[Start of section]

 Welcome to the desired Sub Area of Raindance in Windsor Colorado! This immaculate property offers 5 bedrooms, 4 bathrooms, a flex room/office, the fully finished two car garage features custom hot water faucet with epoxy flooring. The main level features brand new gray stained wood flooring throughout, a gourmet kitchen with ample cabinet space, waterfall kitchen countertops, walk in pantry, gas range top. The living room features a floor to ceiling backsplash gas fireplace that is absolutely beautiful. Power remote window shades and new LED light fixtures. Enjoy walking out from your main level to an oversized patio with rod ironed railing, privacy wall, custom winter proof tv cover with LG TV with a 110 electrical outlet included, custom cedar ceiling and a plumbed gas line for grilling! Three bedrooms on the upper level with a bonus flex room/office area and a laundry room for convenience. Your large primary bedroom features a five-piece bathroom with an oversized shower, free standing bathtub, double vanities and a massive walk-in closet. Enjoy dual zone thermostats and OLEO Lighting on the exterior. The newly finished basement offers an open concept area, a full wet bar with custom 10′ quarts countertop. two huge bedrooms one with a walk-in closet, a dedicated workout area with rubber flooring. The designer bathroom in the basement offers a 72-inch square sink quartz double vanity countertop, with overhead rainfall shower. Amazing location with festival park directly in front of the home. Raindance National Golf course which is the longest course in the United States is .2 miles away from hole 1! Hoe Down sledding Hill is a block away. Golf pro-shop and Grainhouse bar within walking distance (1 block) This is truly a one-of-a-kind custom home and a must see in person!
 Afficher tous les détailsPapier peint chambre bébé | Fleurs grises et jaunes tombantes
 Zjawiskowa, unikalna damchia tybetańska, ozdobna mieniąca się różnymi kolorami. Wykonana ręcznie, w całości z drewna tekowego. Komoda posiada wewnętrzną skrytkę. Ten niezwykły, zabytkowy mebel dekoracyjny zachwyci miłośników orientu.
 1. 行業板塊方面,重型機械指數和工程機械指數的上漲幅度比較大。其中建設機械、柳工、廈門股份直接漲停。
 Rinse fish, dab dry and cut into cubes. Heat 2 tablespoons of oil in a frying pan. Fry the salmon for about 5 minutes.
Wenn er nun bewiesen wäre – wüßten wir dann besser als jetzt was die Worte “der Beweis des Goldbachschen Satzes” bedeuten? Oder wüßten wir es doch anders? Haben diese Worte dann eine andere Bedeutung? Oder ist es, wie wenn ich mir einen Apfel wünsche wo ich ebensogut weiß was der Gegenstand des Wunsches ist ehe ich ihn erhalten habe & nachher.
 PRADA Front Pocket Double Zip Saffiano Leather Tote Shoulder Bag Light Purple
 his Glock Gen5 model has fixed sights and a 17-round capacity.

[End of section]

EXERCISE INSTRUCTIONS: The line containing "PRADA Front Pocket" and every line after it, up to and including the last line of the records, should be reproduced exactly, with nothing else.

RESPONSE AREA:
 PRADA Front Pocket Double Zip Saffiano Leather Tote Shoulder Bag Light Purple
 his Glock Gen5 model has fixed sights and a 17-round capacity.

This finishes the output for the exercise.